_Work request_. Each entry below needs to be copied exactly, with nothing dropped.

BEGIN Data for analysis

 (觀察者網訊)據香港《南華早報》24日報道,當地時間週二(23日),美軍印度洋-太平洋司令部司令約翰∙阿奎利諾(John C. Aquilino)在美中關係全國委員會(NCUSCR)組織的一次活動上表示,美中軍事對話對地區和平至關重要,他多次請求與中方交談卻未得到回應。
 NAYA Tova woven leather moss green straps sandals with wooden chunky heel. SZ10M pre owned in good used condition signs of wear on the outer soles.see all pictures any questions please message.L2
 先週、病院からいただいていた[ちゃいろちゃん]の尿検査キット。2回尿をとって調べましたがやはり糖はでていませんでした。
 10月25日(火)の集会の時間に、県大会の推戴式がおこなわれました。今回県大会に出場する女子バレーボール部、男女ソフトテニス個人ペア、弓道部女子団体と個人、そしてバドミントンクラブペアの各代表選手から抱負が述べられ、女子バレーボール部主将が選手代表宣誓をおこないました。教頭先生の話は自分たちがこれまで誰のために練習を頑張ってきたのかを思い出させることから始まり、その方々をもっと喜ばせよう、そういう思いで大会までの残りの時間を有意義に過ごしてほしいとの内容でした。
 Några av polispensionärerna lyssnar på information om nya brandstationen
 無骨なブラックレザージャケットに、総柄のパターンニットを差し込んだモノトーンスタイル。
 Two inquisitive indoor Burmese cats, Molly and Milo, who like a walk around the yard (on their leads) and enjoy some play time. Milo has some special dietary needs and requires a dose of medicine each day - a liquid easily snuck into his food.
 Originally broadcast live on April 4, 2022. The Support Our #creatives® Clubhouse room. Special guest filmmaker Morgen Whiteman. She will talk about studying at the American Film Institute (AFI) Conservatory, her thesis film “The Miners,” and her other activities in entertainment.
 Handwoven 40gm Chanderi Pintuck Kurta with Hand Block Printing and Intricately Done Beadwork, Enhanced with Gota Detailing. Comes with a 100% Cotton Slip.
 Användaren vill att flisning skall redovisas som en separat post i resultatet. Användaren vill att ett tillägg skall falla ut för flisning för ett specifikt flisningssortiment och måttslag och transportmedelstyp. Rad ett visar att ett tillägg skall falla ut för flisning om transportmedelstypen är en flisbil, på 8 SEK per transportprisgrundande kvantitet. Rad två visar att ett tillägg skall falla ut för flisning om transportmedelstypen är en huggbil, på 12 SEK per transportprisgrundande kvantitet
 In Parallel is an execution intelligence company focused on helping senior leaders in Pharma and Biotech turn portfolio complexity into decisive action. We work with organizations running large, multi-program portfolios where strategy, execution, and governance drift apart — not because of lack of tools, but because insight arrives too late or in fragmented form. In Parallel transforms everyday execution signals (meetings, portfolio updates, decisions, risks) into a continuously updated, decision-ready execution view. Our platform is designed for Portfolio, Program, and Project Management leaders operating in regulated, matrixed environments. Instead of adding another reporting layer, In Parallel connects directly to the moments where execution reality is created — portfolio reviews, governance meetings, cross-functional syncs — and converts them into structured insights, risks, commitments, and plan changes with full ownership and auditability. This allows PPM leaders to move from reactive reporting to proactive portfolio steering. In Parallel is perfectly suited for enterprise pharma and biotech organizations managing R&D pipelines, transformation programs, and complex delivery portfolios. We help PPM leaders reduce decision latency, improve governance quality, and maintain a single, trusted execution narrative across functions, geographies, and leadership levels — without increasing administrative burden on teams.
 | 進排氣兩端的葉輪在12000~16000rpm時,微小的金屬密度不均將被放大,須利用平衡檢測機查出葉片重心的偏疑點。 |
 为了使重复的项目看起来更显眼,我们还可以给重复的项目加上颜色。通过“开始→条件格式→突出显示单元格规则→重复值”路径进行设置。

END Data for analysis

_Expected output_.
 (觀察者網訊)據香港《南華早報》24日報道,當地時間週二(23日),美軍印度洋-太平洋司令部司令約翰∙阿奎利諾(John C. Aquilino)在美中關係全國委員會(NCUSCR)組織的一次活動上表示,美中軍事對話對地區和平至關重要,他多次請求與中方交談卻未得到回應。
 NAYA Tova woven leather moss green straps sandals with wooden chunky heel. SZ10M pre owned in good used condition signs of wear on the outer soles.see all pictures any questions please message.L2
 先週、病院からいただいていた[ちゃいろちゃん]の尿検査キット。2回尿をとって調べましたがやはり糖はでていませんでした。
 10月25日(火)の集会の時間に、県大会の推戴式がおこなわれました。今回県大会に出場する女子バレーボール部、男女ソフトテニス個人ペア、弓道部女子団体と個人、そしてバドミントンクラブペアの各代表選手から抱負が述べられ、女子バレーボール部主将が選手代表宣誓をおこないました。教頭先生の話は自分たちがこれまで誰のために練習を頑張ってきたのかを思い出させることから始まり、その方々をもっと喜ばせよう、そういう思いで大会までの残りの時間を有意義に過ごしてほしいとの内容でした。
 Några av polispensionärerna lyssnar på information om nya brandstationen
 無骨なブラックレザージャケットに、総柄のパターンニットを差し込んだモノトーンスタイル。
 Two inquisitive indoor Burmese cats, Molly and Milo, who like a walk around the yard (on their leads) and enjoy some play time. Milo has some special dietary needs and requires a dose of medicine each day - a liquid easily snuck into his food.
 Originally broadcast live on April 4, 2022. The Support Our #creatives® Clubhouse room. Special guest filmmaker Morgen Whiteman. She will talk about studying at the American Film Institute (AFI) Conservatory, her thesis film “The Miners,” and her other activities in entertainment.
 Handwoven 40gm Chanderi Pintuck Kurta with Hand Block Printing and Intricately Done Beadwork, Enhanced with Gota Detailing. Comes with a 100% Cotton Slip.
 Användaren vill att flisning skall redovisas som en separat post i resultatet. Användaren vill att ett tillägg skall falla ut för flisning för ett specifikt flisningssortiment och måttslag och transportmedelstyp. Rad ett visar att ett tillägg skall falla ut för flisning om transportmedelstypen är en flisbil, på 8 SEK per transportprisgrundande kvantitet. Rad två visar att ett tillägg skall falla ut för flisning om transportmedelstypen är en huggbil, på 12 SEK per transportprisgrundande kvantitet
 In Parallel is an execution intelligence company focused on helping senior leaders in Pharma and Biotech turn portfolio complexity into decisive action. We work with organizations running large, multi-program portfolios where strategy, execution, and governance drift apart — not because of lack of tools, but because insight arrives too late or in fragmented form. In Parallel transforms everyday execution signals (meetings, portfolio updates, decisions, risks) into a continuously updated, decision-ready execution view. Our platform is designed for Portfolio, Program, and Project Management leaders operating in regulated, matrixed environments. Instead of adding another reporting layer, In Parallel connects directly to the moments where execution reality is created — portfolio reviews, governance meetings, cross-functional syncs — and converts them into structured insights, risks, commitments, and plan changes with full ownership and auditability. This allows PPM leaders to move from reactive reporting to proactive portfolio steering. In Parallel is perfectly suited for enterprise pharma and biotech organizations managing R&D pipelines, transformation programs, and complex delivery portfolios. We help PPM leaders reduce decision latency, improve governance quality, and maintain a single, trusted execution narrative across functions, geographies, and leadership levels — without increasing administrative burden on teams.
 | 進排氣兩端的葉輪在12000~16000rpm時,微小的金屬密度不均將被放大,須利用平衡檢測機查出葉片重心的偏疑點。 |
 为了使重复的项目看起来更显眼,我们还可以给重复的项目加上颜色。通过“开始→条件格式→突出显示单元格规则→重复值”路径进行设置。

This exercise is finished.